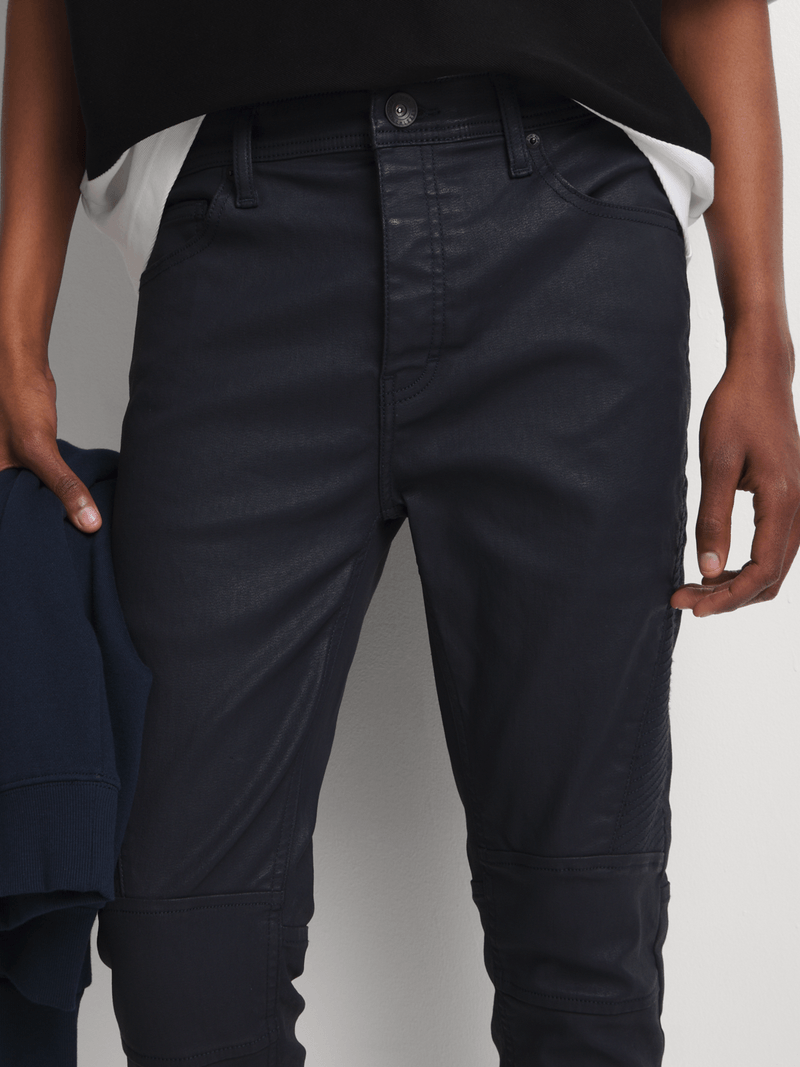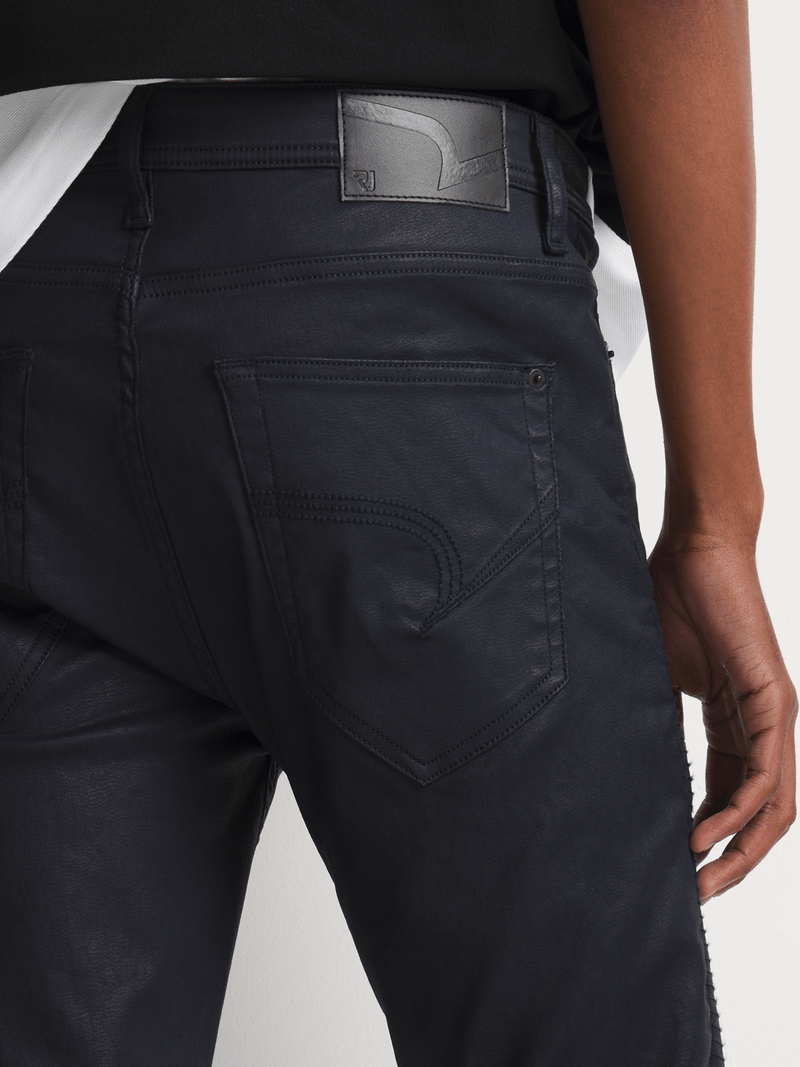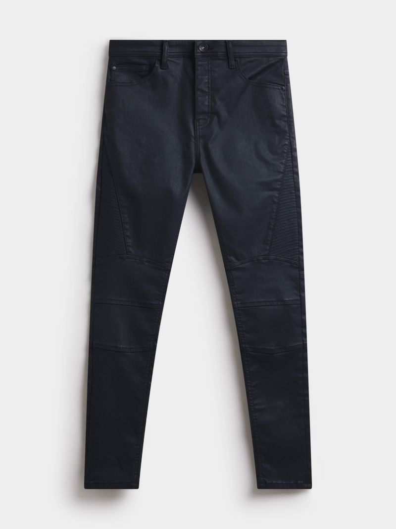 Make a bold statement with the Relay Jeans Men's Super Skinny Biker Indigo Coated Denim—a modern essential for those who like their denim edgy and form-fitting. Designed with a regular rise and an ultra-skinny fit from hip to hem, these jeans deliver a sleek, street-ready silhouette that stands out. The indigo-coated finish adds a unique, slightly glossy texture, giving these jeans a rugged, biker-inspired edge perfect for nights out or elevated casual wear.
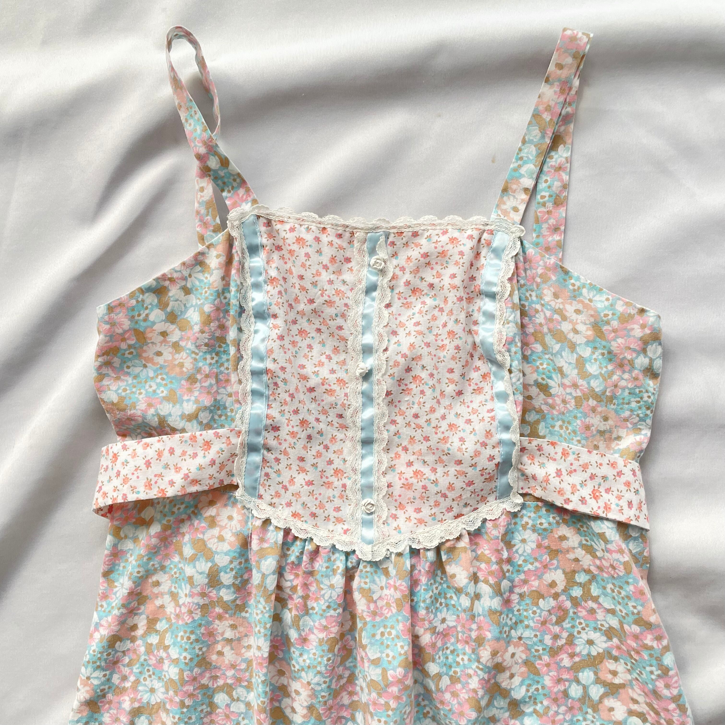 70年代ヴィンテージ 小花柄マキシ丈キャミソールワンピースです。
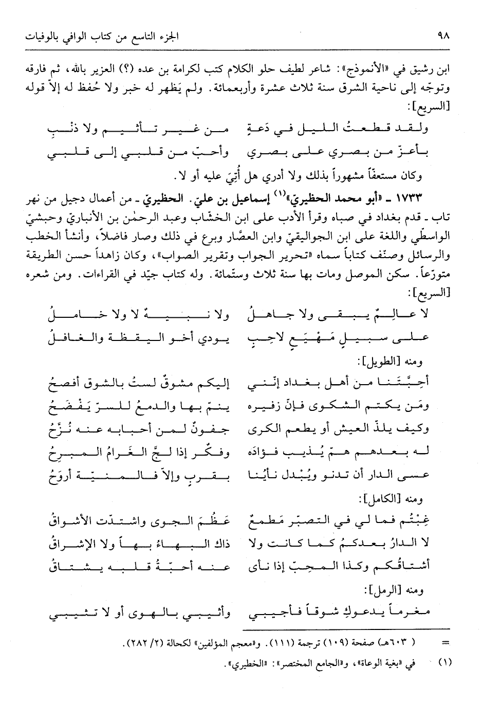 كتاب الوافي بالوفيات (اسم الجزء: 9)
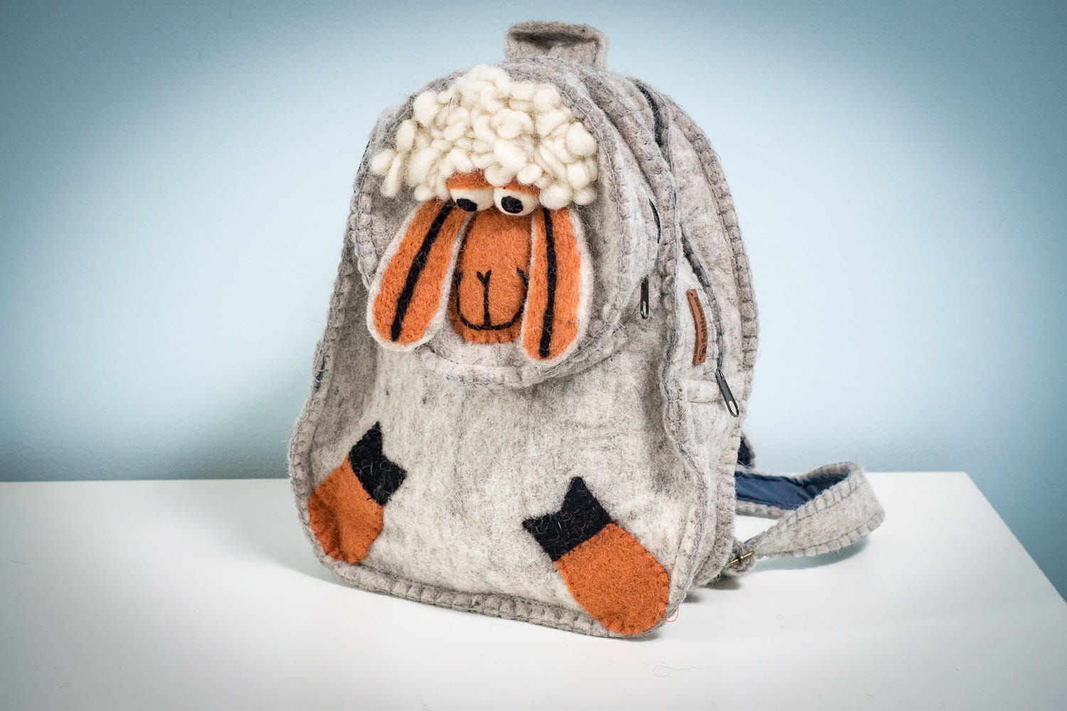 Przepiękny dziecięcy plecak wykonany ręcznie w Nepalu z filcowanej, owczej wełny.
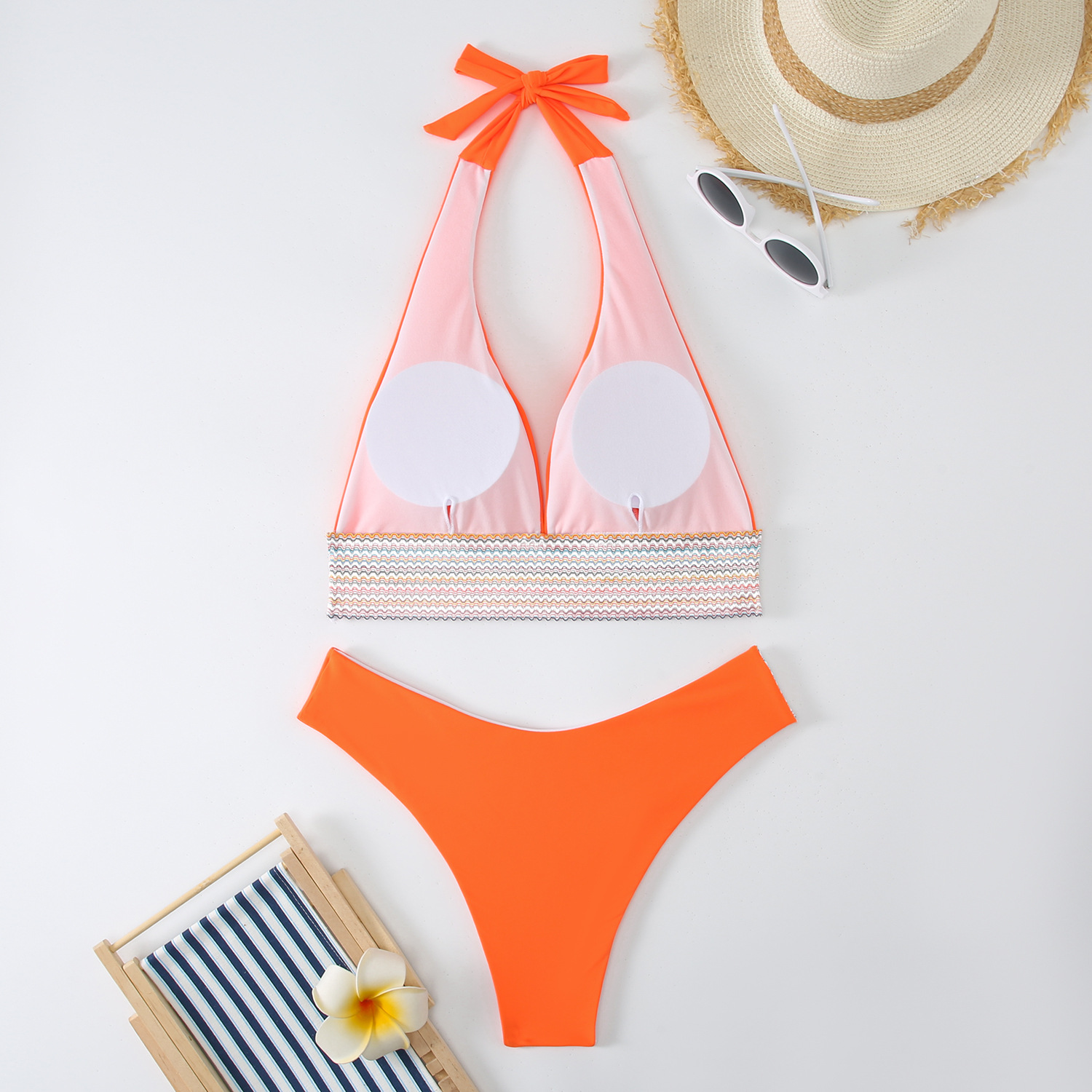 2025 신상 유럽 및 미국 수출용 수영복 단색 섹시 홀터넥 여성용 분리형 다색 비키니 수영복스토어 가기

— Exercise details —
Exactly as written, restate all of the data, leaving out the images.

— Exercise response —
 Make a bold statement with the Relay Jeans Men's Super Skinny Biker Indigo Coated Denim—a modern essential for those who like their denim edgy and form-fitting. Designed with a regular rise and an ultra-skinny fit from hip to hem, these jeans deliver a sleek, street-ready silhouette that stands out. The indigo-coated finish adds a unique, slightly glossy texture, giving these jeans a rugged, biker-inspired edge perfect for nights out or elevated casual wear.
 70年代ヴィンテージ 小花柄マキシ丈キャミソールワンピースです。
 كتاب الوافي بالوفيات (اسم الجزء: 9)
 Przepiękny dziecięcy plecak wykonany ręcznie w Nepalu z filcowanej, owczej wełny.
 2025 신상 유럽 및 미국 수출용 수영복 단색 섹시 홀터넥 여성용 분리형 다색 비키니 수영복스토어 가기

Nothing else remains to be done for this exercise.